## WHAT YOU ARE ASKED TO DO
What you produce should be the lines from the line containing "5インチのTFTディスプレイ" through the last line below, both ends included, reproduced exactly and without pictures.

## SUPPLIED MATERIAL
━━━
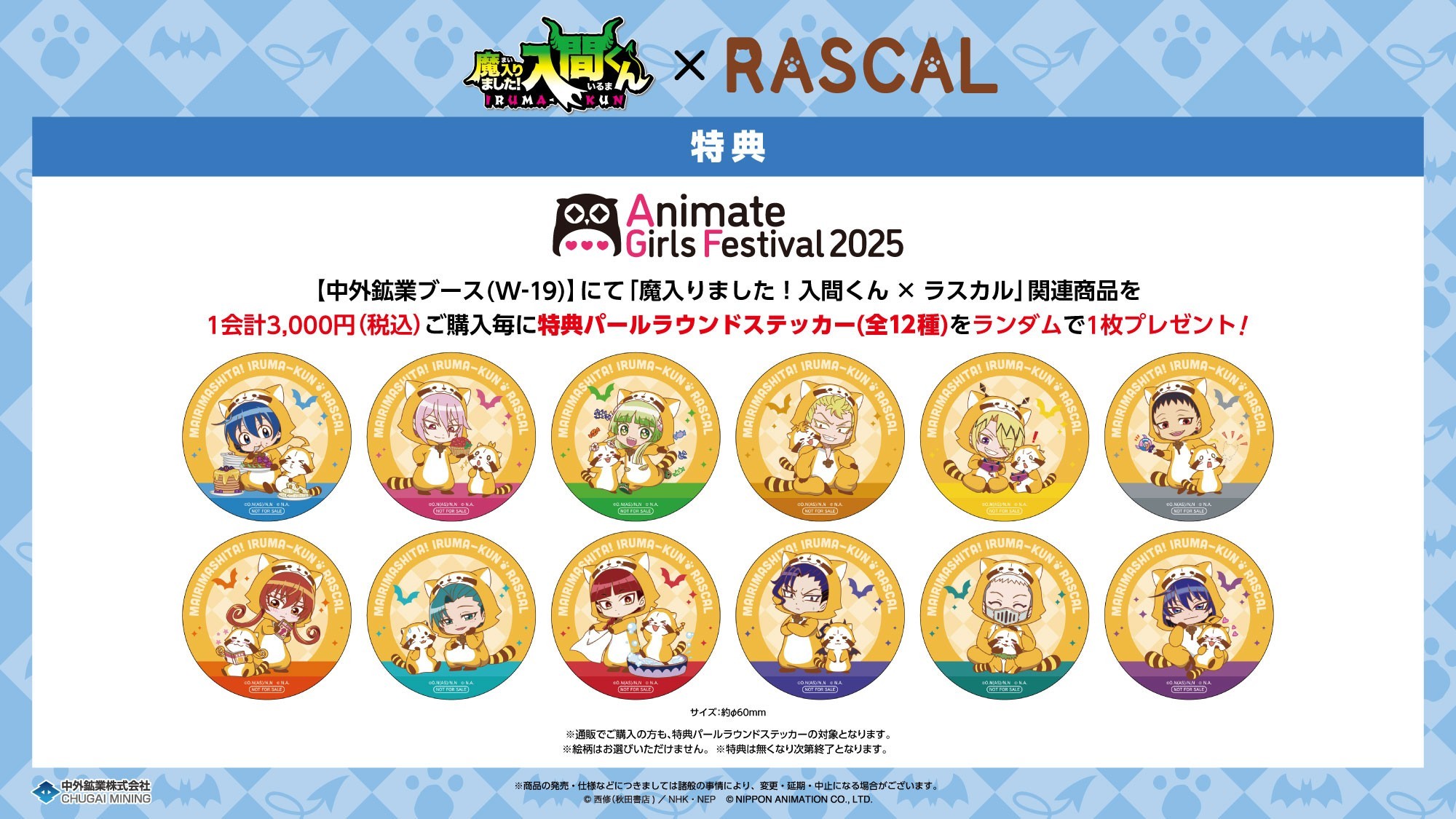 中外鉱業ブースにて『魔入りました!入間くん × ラスカル』AGF関連商品を1会計3,000円(税込)ご購入毎に、特典パールラウンドステッカー(全12種)をランダムで1枚お渡しいたします!
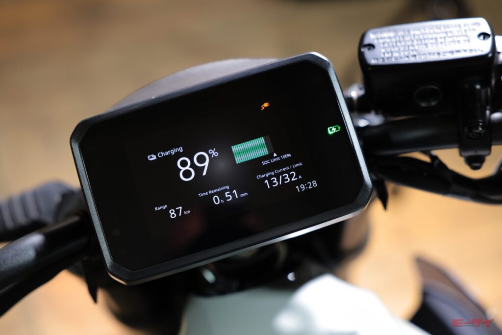 5インチのTFTディスプレイは操作が簡単で、複数の表示オプションが用意されている。バッテリー残量表示は識別しやすく、残りの走行可能距離を表示することもできる。走行モードはスロットルを閉じた状態でイーコン(ECON)、レイン、スタンダード、スポーツの4つを切り替えられるほか、アプリリア製バイクのトラクションコントロール用パドルに似た左スイッチボックスのトリガーで、停車せずに回生ブレーキのレベルを調整できる。
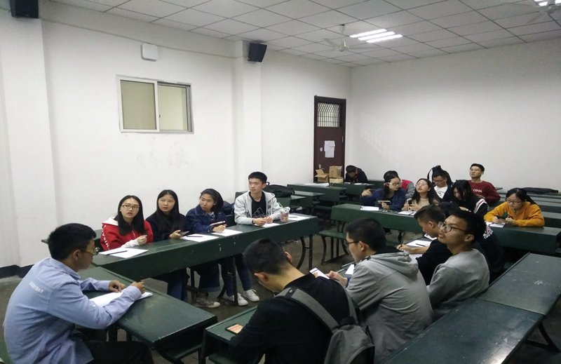 活动一开始,主持人用简练的语言介绍了活动的流程并把时间交给了考官,接着考官安排同学们做一个自我介绍并对大家进行了简单的考核。之后活动进入正题,考官抛出考题后就把时间留给了同学们进行自由讨论并发言。
━━━
## COMPLETED EXERCISE
 5インチのTFTディスプレイは操作が簡単で、複数の表示オプションが用意されている。バッテリー残量表示は識別しやすく、残りの走行可能距離を表示することもできる。走行モードはスロットルを閉じた状態でイーコン(ECON)、レイン、スタンダード、スポーツの4つを切り替えられるほか、アプリリア製バイクのトラクションコントロール用パドルに似た左スイッチボックスのトリガーで、停車せずに回生ブレーキのレベルを調整できる。
 活动一开始,主持人用简练的语言介绍了活动的流程并把时间交给了考官,接着考官安排同学们做一个自我介绍并对大家进行了简单的考核。之后活动进入正题,考官抛出考题后就把时间留给了同学们进行自由讨论并发言。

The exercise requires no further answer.